→ GIVEN DATA:
+++++

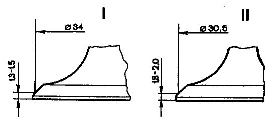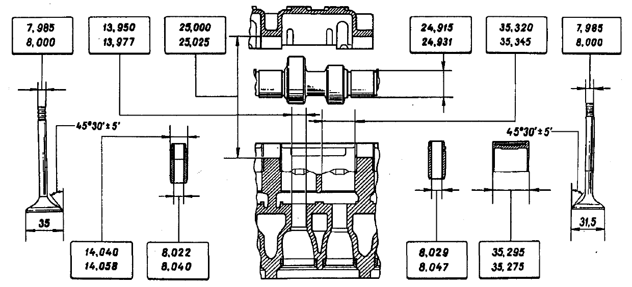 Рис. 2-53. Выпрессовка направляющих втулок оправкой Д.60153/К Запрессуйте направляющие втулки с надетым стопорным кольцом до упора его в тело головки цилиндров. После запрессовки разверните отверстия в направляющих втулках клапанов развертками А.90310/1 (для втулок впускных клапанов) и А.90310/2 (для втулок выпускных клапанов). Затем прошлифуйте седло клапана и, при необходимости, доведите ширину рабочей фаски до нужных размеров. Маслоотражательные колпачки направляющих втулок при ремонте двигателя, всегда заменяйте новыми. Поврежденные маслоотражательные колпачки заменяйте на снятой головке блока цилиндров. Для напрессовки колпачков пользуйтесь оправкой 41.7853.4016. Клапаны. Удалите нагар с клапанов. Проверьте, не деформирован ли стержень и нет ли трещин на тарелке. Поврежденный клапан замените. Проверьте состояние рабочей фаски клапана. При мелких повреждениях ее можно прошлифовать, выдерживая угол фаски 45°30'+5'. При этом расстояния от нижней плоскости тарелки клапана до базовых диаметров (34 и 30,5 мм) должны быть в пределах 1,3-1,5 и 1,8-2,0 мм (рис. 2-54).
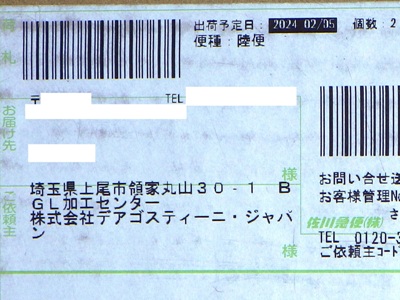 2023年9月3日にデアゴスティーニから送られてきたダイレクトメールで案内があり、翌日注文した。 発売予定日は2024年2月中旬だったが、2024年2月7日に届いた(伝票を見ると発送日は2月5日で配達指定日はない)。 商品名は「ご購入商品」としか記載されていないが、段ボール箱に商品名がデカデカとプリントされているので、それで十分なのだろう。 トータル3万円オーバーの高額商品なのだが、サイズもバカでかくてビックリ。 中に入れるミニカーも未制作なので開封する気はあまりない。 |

+++++

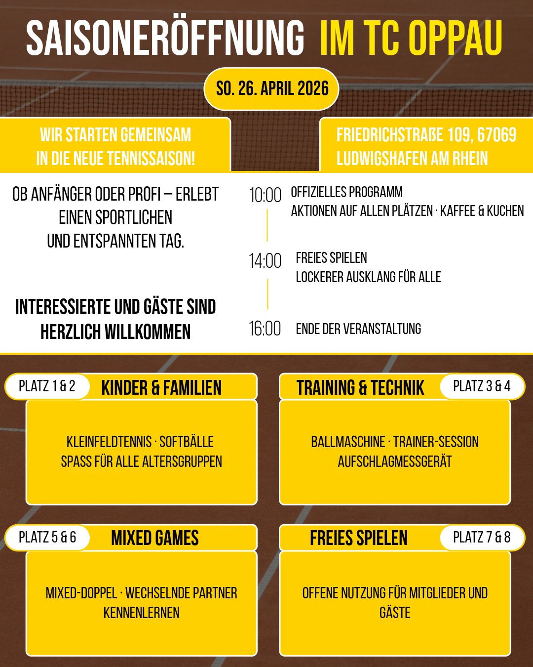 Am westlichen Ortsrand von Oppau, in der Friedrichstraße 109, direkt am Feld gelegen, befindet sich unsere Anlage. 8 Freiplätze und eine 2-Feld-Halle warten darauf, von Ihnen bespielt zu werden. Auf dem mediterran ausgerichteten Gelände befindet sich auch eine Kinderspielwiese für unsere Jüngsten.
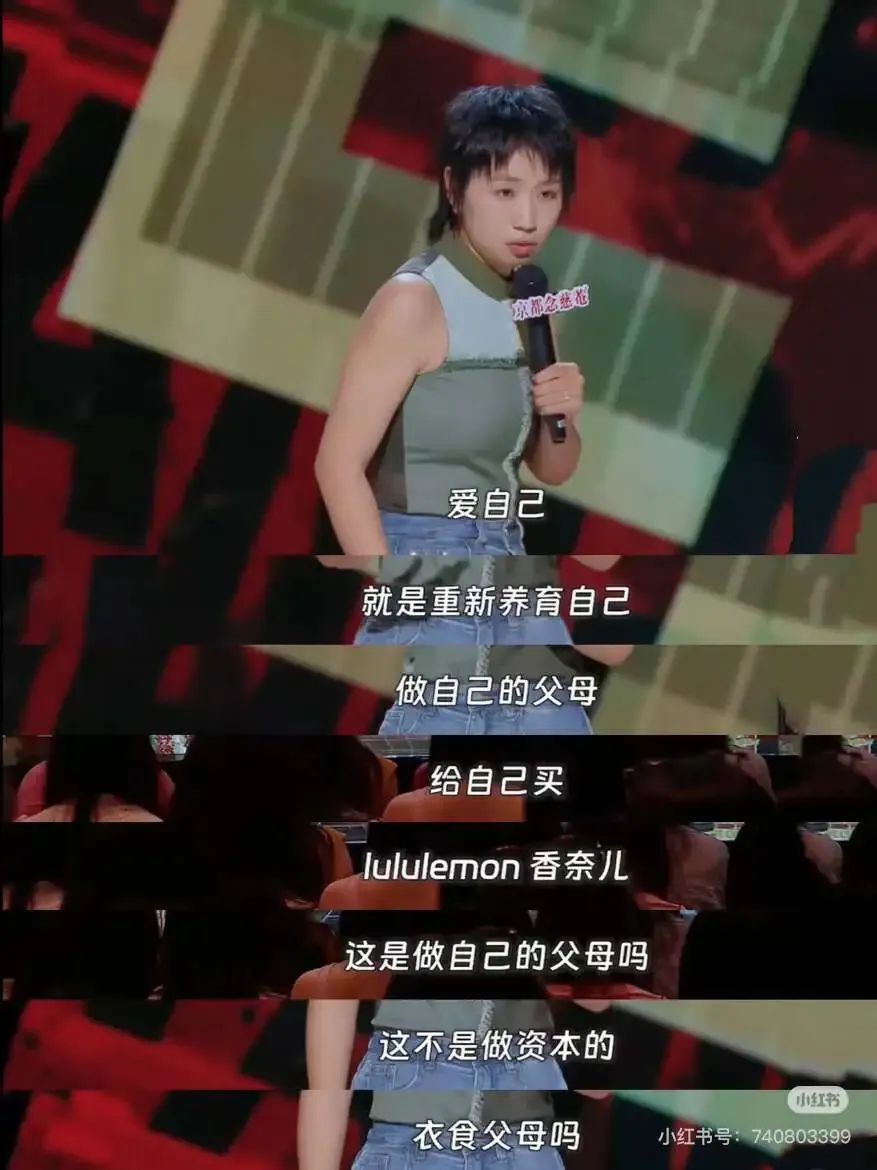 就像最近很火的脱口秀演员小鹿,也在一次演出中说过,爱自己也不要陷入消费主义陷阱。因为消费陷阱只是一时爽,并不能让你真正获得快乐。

+++++

Using the entries above, transcribe every line from the line containing "Am westlichen Ortsrand" through the line containing "就像最近很火的脱口秀演员小鹿". Do not copy pictures.

 Am westlichen Ortsrand von Oppau, in der Friedrichstraße 109, direkt am Feld gelegen, befindet sich unsere Anlage. 8 Freiplätze und eine 2-Feld-Halle warten darauf, von Ihnen bespielt zu werden. Auf dem mediterran ausgerichteten Gelände befindet sich auch eine Kinderspielwiese für unsere Jüngsten.
 就像最近很火的脱口秀演员小鹿,也在一次演出中说过,爱自己也不要陷入消费主义陷阱。因为消费陷阱只是一时爽,并不能让你真正获得快乐。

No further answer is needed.